Doll: Flipboard shows short content previews. We do not offer a "full article" view in Flipboard for articles of arbitrary length. If the user wants to read the full article, they tap "Read on Web" and are taken to the full site in an embedded browser.
We see Flipboard a great way to discover content, particularly recommendations from your friends of sources that you may not already subscribe to. As such, we believe that we're providing value to content creators by helping to drive new readers in their direction. As mentioned before, though, we are happy to limit or hide content as requested.
In the past 48 hours, we've received an incredibly positive response from content creators who are happy about being featured in Flipboard, and who want to work with us on doing a better job displaying their content. Hopefully we can do more on this front soon.
Personally, I'm a fan. Flipboard and its ilk are taking ideas that have been percolating for years and turning them into software tools that are very useful for readers.
Unfortunately, those tools may not be, strictly speaking, on the right side of copyright.
Take Boston.com's The Big Picture, for instance: Each of those large images come from wire services. It's content paid for by the Boston Globe, licensed from the photo wires with strict limits on how it can be presented and distributed. The Big Picture's RSS feed presents a single image and a description for each collection.
View The Big Picture from within Flipboard, however, and you'll find all of the images available, scraped—or "parsed", to use Flipboard's phrasing—to Flipboard's own servers, resized into a grid, and then distributed to every single Flipboard app. Fair use is a murky thing, decided on a case-by-case basis, but it's hard for me to suss a scenario where scraping all of the images from a picture blog and redisplaying them without ads or context would be considered fair use.
Moreover, Flipboard is saying they're willing to shut off or rein in how much content they are slurping up if content providers simply ask. That's good, but it's still a possible violation of copyright. Content creators do not have to specifically ask that their copyright not be violated.
And without unfettered access to every single site that could be linked by your friends, Flipboard becomes less and less useful. (It's the same argument used by many—myself included—against pay walls for news sites. Pay walls make it difficult for news to go viral.)
I also spoke to Flipboard's Marci McCue briefly on the phone about the issue. She explained that Flipboard never provides a full version of content, but instead caches the content's web page behind the scenes where it can be read at the touch of a button—ads and all.
In addition, McCue reiterated Doll's claim that Flipboard tries to use RSS as a guideline. "We try to map to RSS rules," said McCue.

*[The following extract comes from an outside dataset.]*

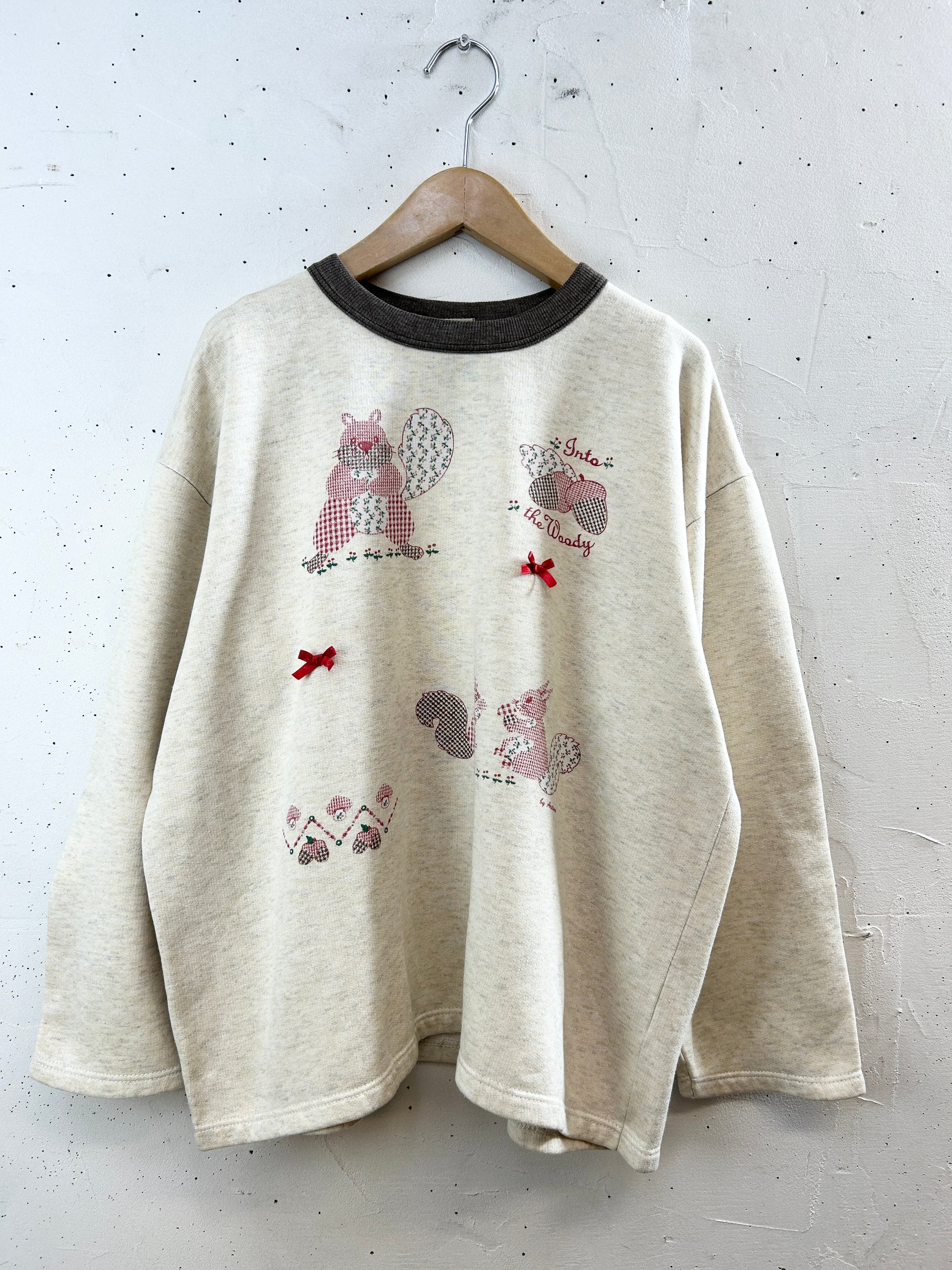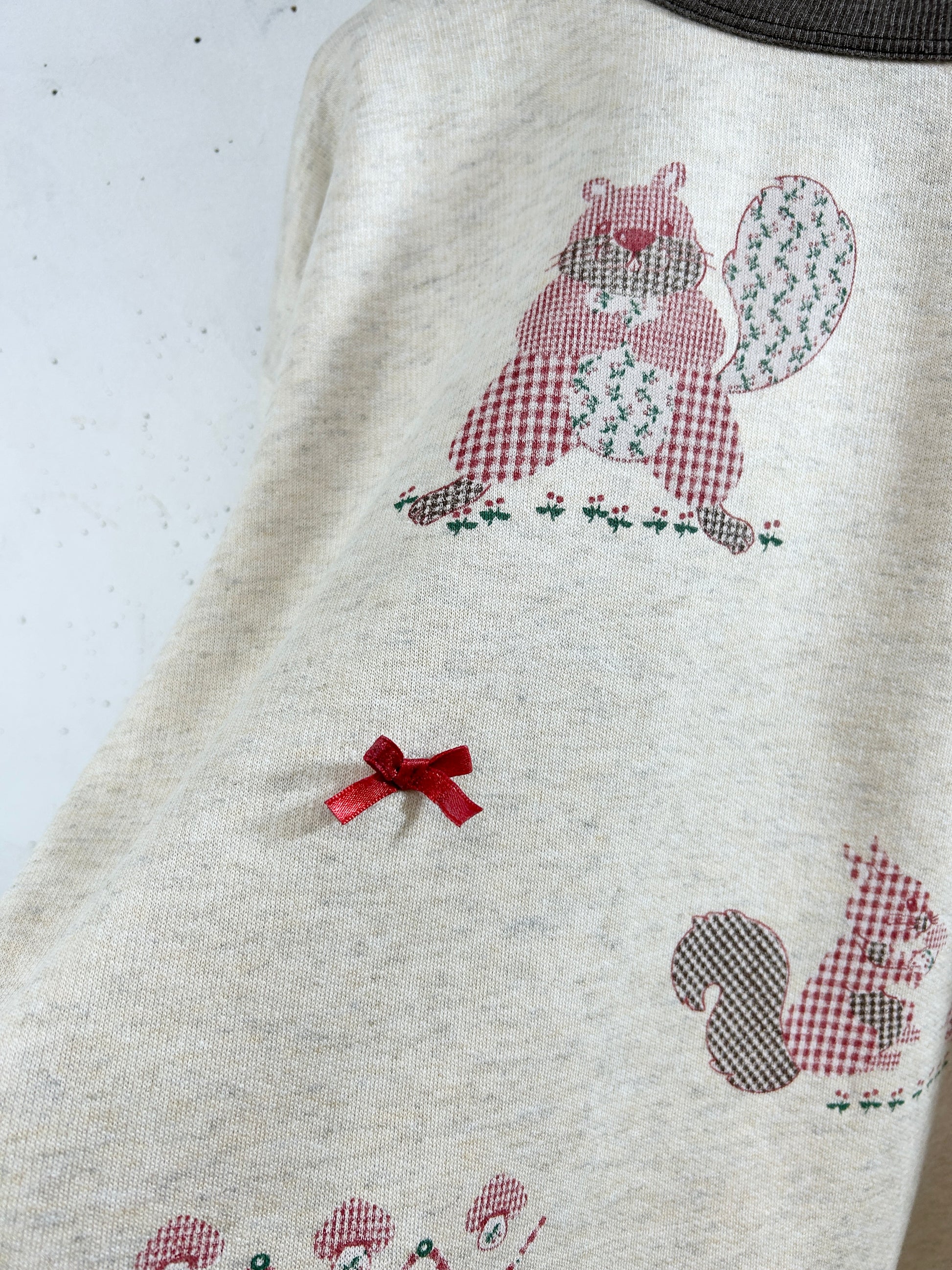ベージュ杢ボディ、リスのプリントとリボンが可愛いアイテム。

That's a good notion, but as The Big Picture example proves it isn't foolproof. And more importantly, while it's a good guideline, RSS isn't a license. It is licensed, as a rule, with very specific limitations on how it can be used.
But Flipboard is free. So if they're not making money off of others' content, what's the problem?
The problem is that Flipboard doesn't plan to have zero revenue forever. (Of course.) The company hopes that content companies like Condé Nast will be so pleased at the way Flipboard presents their content that they'll work with the company—subscriptions and revenue sharing were mentioned specifically—instead of suing the pants off of them.
Considering that media companies have each been creating their own magazine apps for iPad to have complete control over layout (and revenue and everything else that comes with selling your own app), that seems like a terribly ambitious plan.
Good luck to them, all the same. Flipboard is another great example of the power of the internet to transform the way we consume media. It just may not be, you know, legal.